→ **BRIEF**
In the entries below, begin at the line that has "Chambre Triple. The" and stop after the line that has "We hope that"; output those lines exactly, leaving out pictures.

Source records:
------------------------------------------------------------
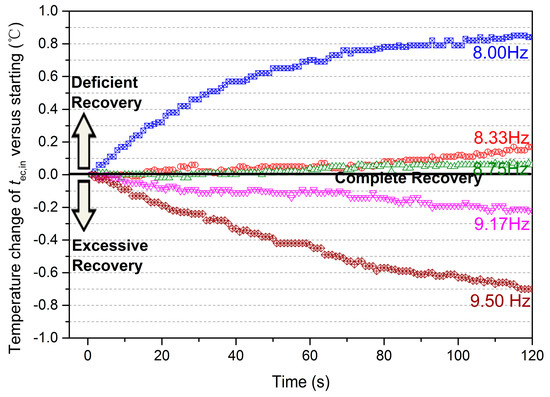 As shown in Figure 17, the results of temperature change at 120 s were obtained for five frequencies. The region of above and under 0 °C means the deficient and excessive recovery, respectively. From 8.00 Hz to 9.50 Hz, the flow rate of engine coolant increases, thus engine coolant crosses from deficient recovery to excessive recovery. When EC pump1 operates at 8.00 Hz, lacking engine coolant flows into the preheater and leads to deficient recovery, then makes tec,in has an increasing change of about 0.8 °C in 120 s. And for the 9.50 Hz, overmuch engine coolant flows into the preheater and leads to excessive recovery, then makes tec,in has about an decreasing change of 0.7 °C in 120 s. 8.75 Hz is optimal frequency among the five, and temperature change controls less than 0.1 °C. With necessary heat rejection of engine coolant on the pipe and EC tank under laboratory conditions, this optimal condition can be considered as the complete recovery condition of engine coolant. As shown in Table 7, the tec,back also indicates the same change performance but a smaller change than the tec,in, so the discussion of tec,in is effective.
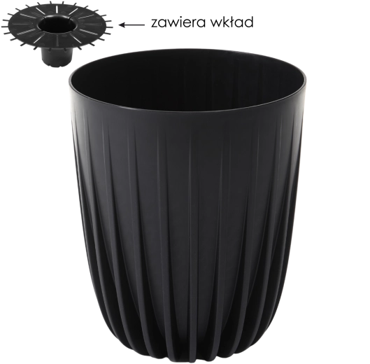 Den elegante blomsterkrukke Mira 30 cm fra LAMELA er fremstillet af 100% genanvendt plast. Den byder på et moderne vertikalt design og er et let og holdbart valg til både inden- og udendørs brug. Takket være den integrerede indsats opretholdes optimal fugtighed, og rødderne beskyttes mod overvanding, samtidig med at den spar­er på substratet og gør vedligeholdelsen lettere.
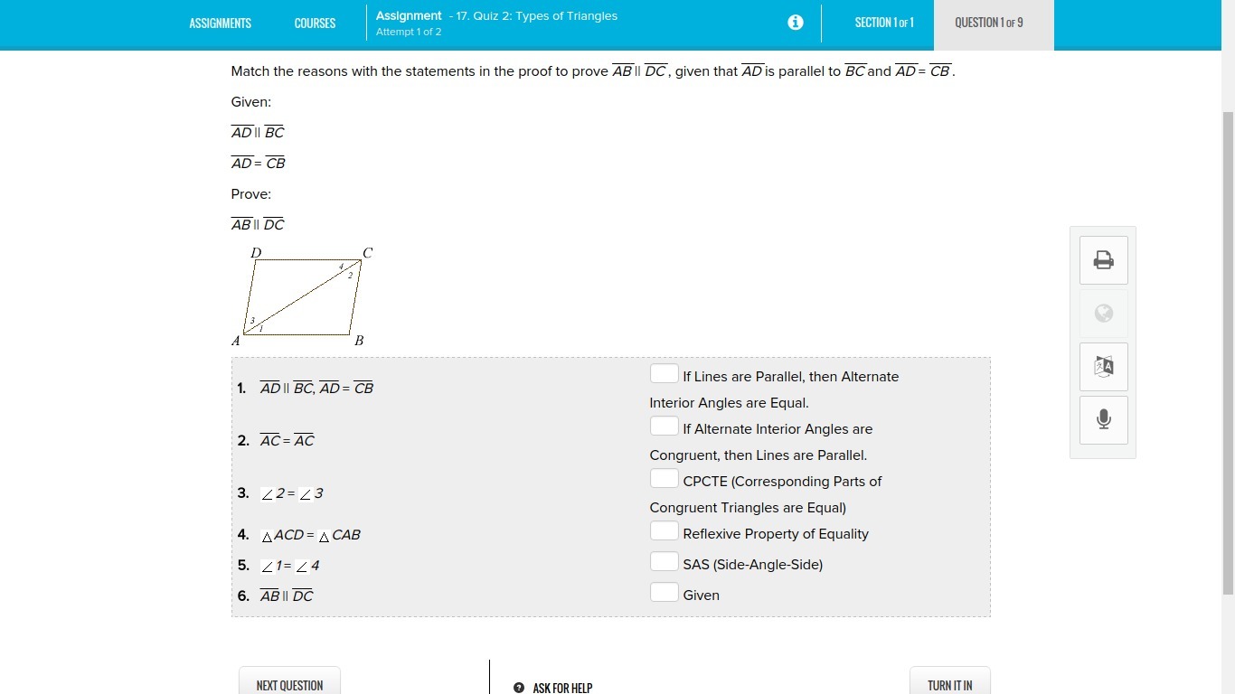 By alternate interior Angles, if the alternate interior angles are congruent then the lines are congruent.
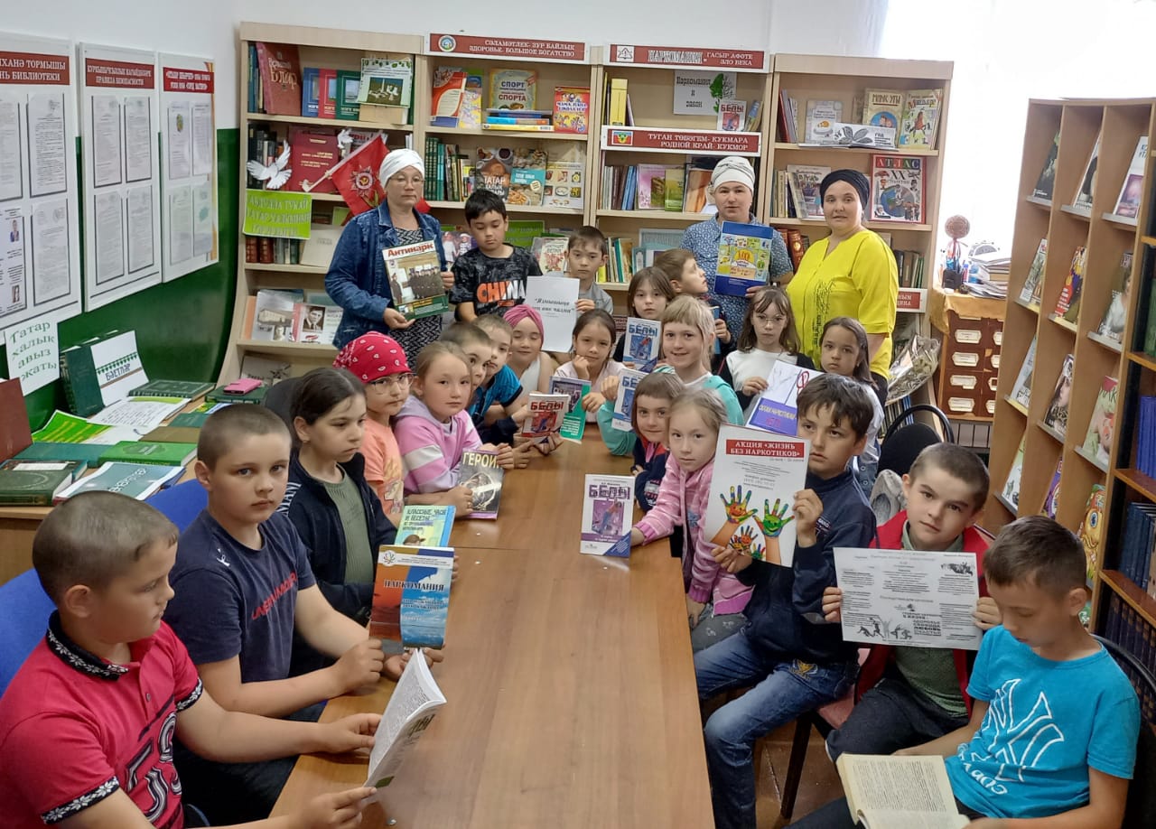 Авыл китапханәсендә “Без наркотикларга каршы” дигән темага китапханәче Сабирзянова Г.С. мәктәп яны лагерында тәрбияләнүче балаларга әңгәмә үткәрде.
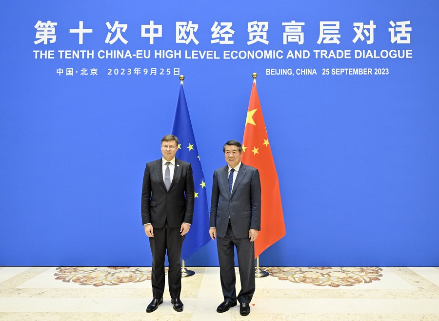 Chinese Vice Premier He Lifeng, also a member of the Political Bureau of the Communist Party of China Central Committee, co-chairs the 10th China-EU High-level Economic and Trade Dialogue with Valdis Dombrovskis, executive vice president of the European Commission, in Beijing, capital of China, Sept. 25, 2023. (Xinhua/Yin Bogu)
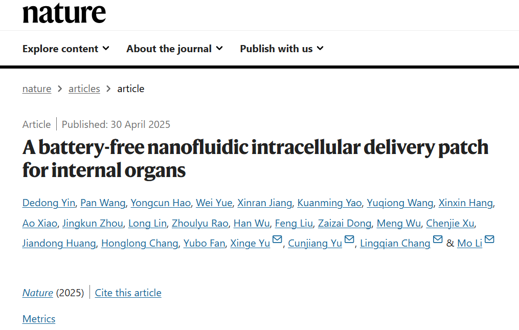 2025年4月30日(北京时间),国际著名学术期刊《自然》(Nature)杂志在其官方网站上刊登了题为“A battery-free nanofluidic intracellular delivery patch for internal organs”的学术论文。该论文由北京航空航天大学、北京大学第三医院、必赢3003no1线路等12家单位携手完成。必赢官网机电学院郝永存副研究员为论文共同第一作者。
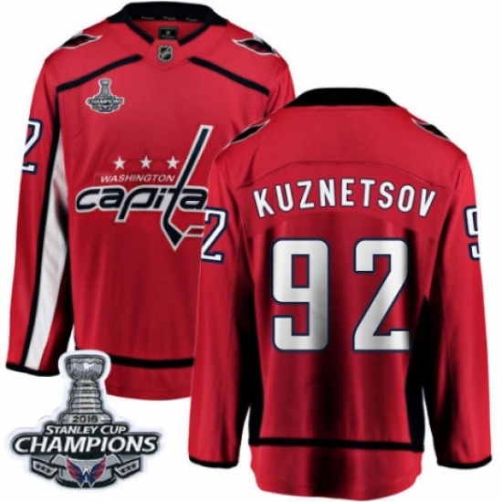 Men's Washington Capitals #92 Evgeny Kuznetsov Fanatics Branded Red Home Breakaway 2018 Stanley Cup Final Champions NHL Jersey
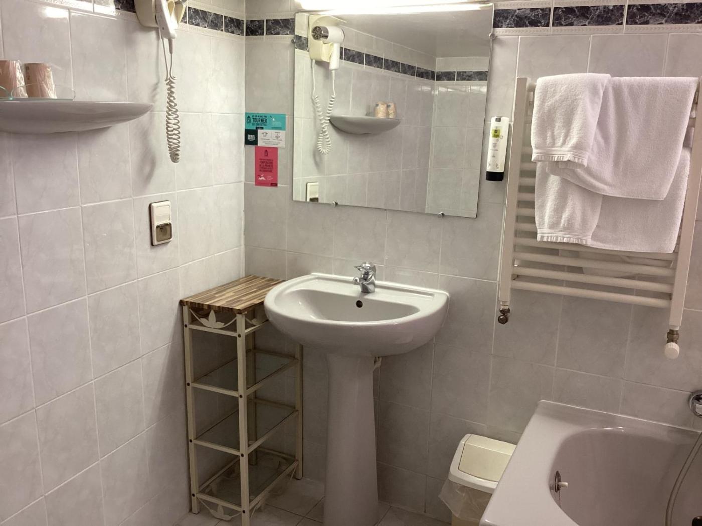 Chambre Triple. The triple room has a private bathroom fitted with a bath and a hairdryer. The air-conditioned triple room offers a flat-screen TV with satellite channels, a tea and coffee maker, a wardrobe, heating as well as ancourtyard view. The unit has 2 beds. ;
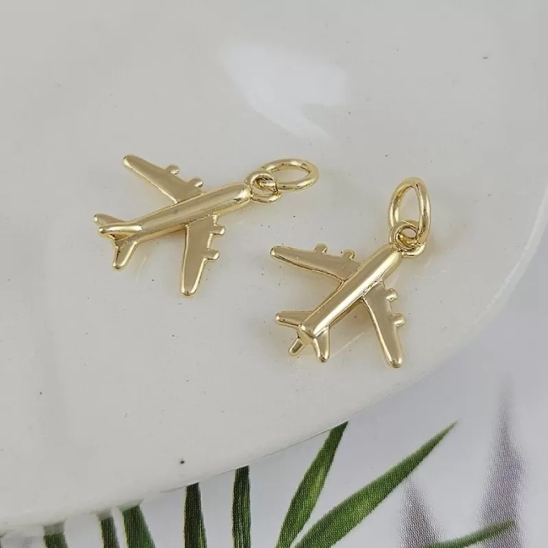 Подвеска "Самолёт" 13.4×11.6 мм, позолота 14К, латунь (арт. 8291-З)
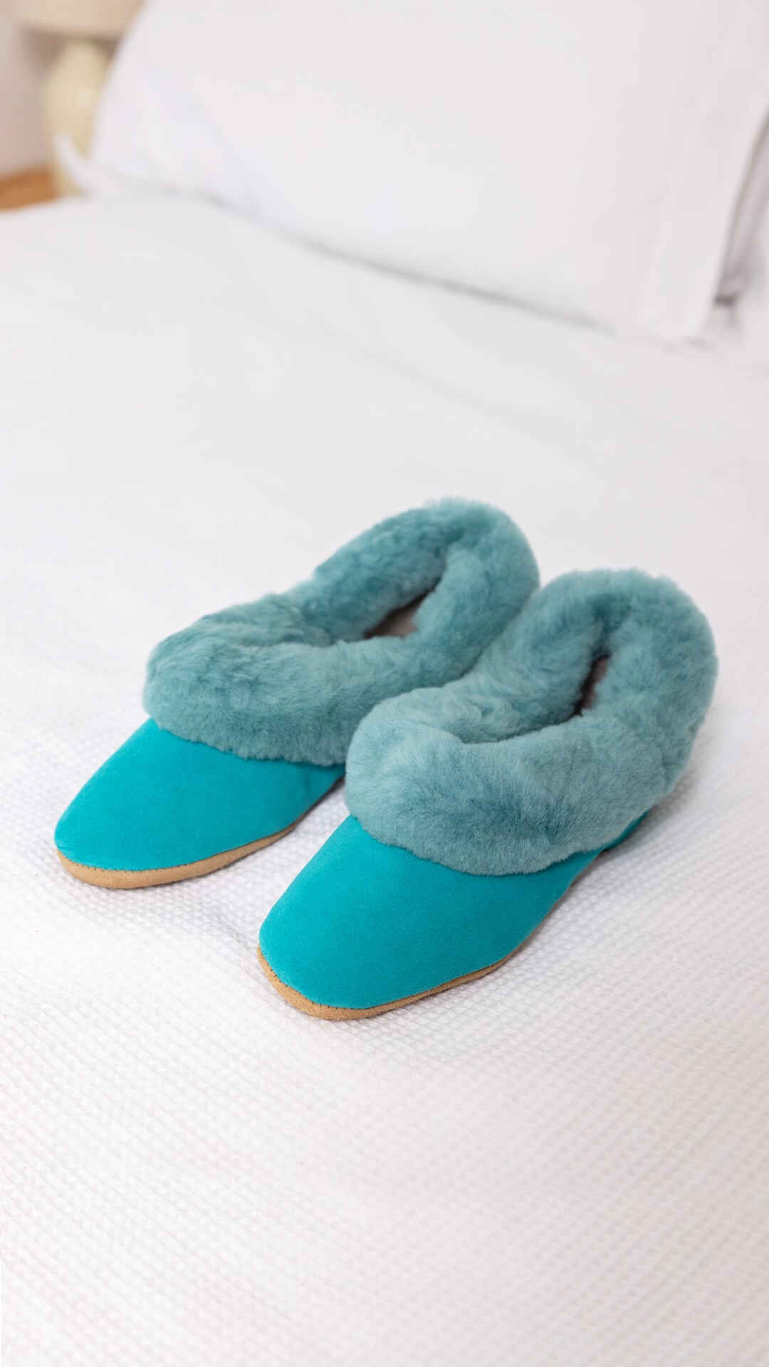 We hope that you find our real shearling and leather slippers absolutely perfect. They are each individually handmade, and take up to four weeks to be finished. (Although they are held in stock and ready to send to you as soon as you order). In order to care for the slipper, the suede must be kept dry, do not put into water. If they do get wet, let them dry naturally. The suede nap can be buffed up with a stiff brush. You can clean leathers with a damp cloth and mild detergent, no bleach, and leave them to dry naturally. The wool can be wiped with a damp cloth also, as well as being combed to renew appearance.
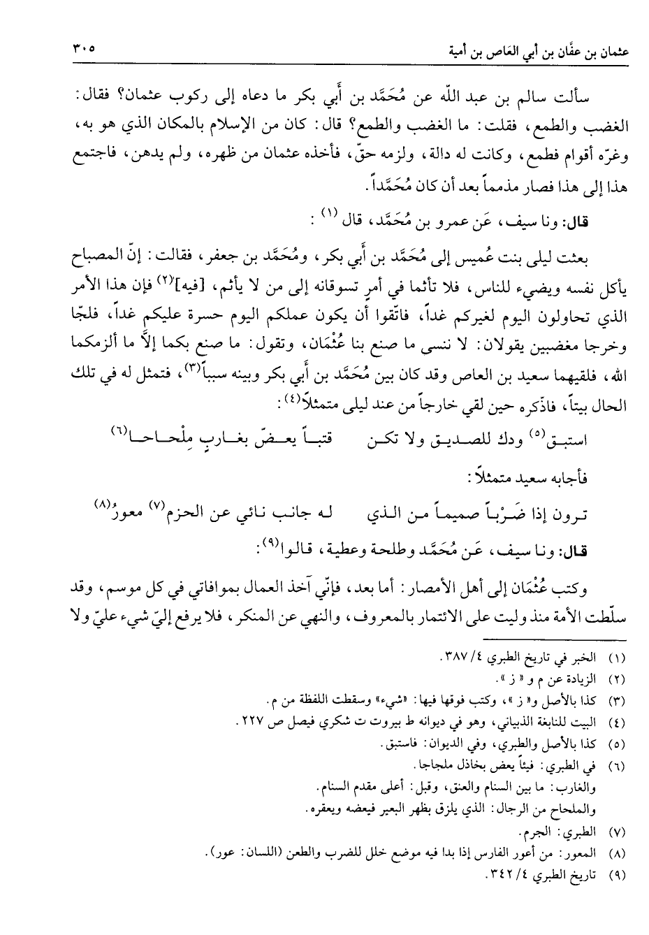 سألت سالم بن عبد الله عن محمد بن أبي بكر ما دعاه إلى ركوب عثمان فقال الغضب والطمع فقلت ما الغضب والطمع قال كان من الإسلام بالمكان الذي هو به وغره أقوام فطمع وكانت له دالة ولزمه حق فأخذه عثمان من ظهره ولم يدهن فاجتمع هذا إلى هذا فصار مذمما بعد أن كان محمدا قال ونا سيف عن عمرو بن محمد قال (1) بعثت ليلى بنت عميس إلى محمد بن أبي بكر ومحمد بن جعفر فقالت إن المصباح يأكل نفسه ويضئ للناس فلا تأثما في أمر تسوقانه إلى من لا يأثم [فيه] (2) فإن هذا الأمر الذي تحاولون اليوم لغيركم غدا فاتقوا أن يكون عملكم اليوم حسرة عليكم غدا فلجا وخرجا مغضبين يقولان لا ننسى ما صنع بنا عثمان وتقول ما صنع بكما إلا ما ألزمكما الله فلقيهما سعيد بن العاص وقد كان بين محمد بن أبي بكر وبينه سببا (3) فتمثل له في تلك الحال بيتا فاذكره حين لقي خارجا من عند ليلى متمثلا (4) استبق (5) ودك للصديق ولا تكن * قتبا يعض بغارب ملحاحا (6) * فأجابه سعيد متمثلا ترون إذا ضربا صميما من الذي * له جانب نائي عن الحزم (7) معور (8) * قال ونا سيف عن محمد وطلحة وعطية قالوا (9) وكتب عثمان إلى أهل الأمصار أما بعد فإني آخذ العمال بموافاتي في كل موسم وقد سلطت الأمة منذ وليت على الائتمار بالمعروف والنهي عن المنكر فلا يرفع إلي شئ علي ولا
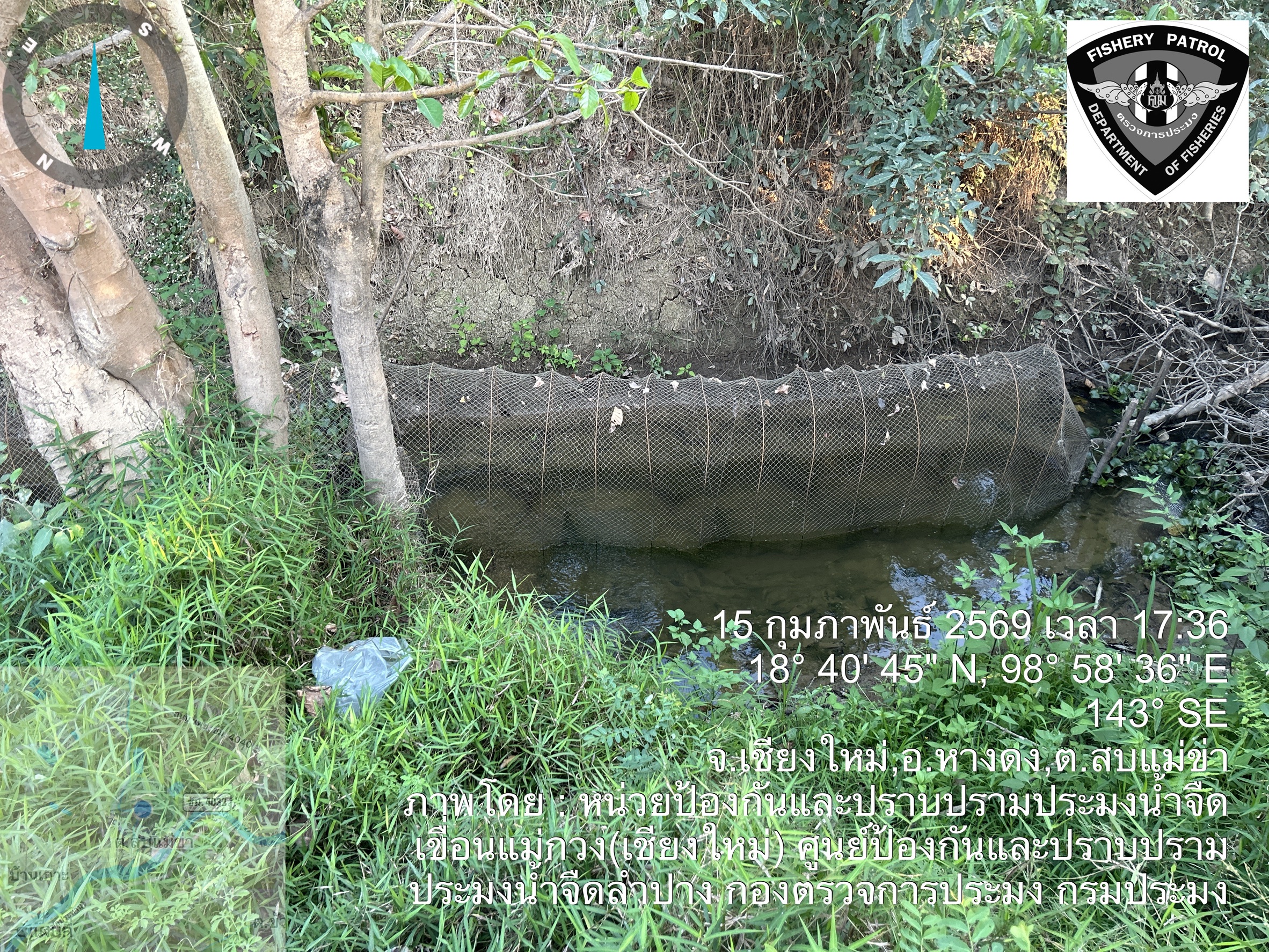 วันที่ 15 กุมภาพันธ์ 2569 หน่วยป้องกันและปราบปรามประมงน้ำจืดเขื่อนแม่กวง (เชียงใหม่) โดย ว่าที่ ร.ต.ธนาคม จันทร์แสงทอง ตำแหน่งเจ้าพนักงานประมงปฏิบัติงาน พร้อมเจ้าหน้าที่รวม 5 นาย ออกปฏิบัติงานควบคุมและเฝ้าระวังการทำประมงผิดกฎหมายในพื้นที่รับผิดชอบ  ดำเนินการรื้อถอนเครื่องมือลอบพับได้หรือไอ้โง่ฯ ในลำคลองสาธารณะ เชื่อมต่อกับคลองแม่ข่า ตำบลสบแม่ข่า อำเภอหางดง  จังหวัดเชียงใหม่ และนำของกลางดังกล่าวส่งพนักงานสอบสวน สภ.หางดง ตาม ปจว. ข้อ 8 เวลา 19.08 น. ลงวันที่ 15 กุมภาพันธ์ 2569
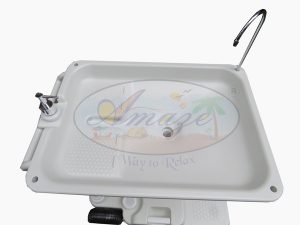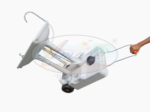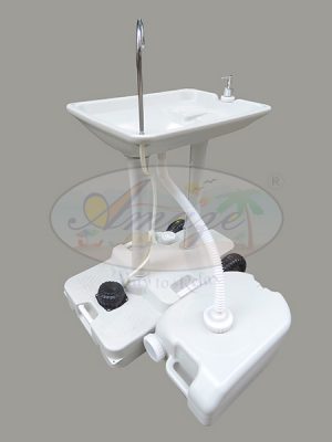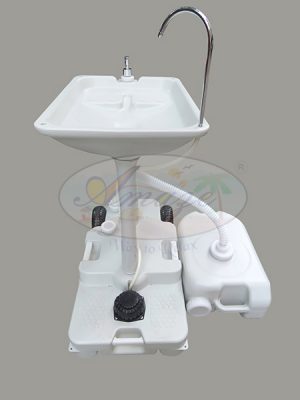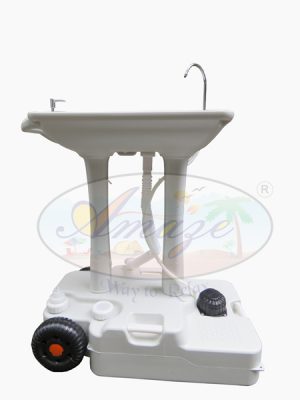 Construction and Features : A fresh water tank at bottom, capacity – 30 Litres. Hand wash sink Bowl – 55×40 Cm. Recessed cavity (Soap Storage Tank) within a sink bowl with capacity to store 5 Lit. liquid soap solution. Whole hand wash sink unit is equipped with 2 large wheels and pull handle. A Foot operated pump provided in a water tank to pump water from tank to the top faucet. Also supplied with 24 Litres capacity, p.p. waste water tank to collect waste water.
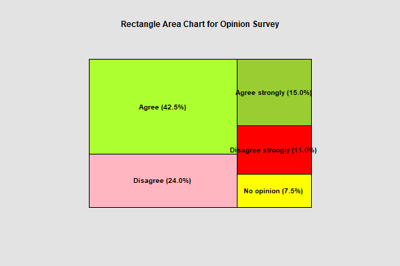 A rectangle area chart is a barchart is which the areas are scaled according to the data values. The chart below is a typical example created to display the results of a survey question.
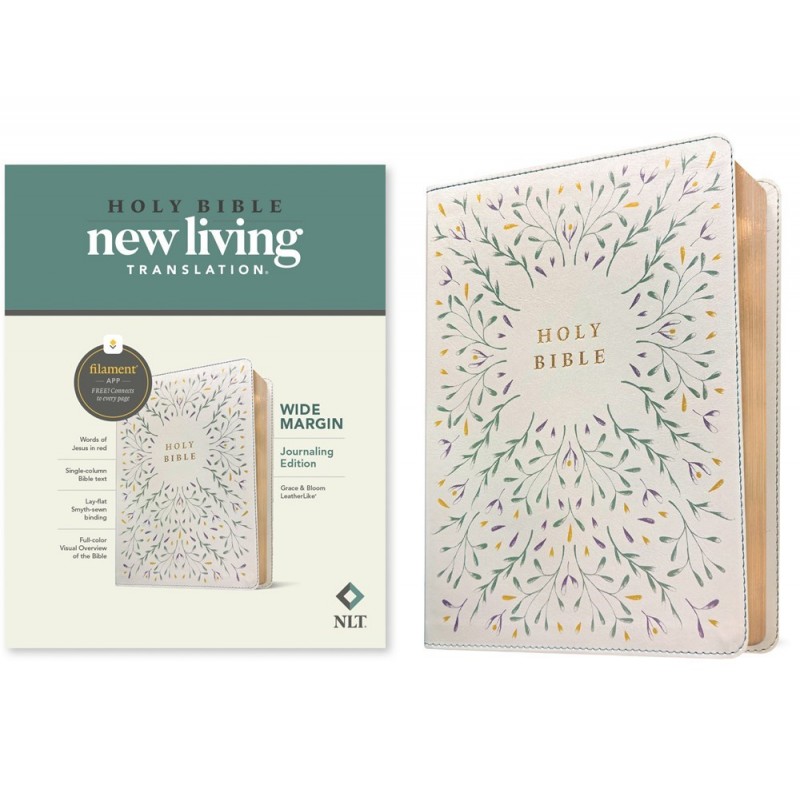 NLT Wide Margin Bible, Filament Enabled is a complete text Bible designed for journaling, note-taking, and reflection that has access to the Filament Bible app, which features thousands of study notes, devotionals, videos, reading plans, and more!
------------------------------------------------------------
→ **SOLUTION TO THE PROBLEM**
 Chambre Triple. The triple room has a private bathroom fitted with a bath and a hairdryer. The air-conditioned triple room offers a flat-screen TV with satellite channels, a tea and coffee maker, a wardrobe, heating as well as ancourtyard view. The unit has 2 beds. ;
 Подвеска "Самолёт" 13.4×11.6 мм, позолота 14К, латунь (арт. 8291-З)
 We hope that you find our real shearling and leather slippers absolutely perfect. They are each individually handmade, and take up to four weeks to be finished. (Although they are held in stock and ready to send to you as soon as you order). In order to care for the slipper, the suede must be kept dry, do not put into water. If they do get wet, let them dry naturally. The suede nap can be buffed up with a stiff brush. You can clean leathers with a damp cloth and mild detergent, no bleach, and leave them to dry naturally. The wool can be wiped with a damp cloth also, as well as being combed to renew appearance.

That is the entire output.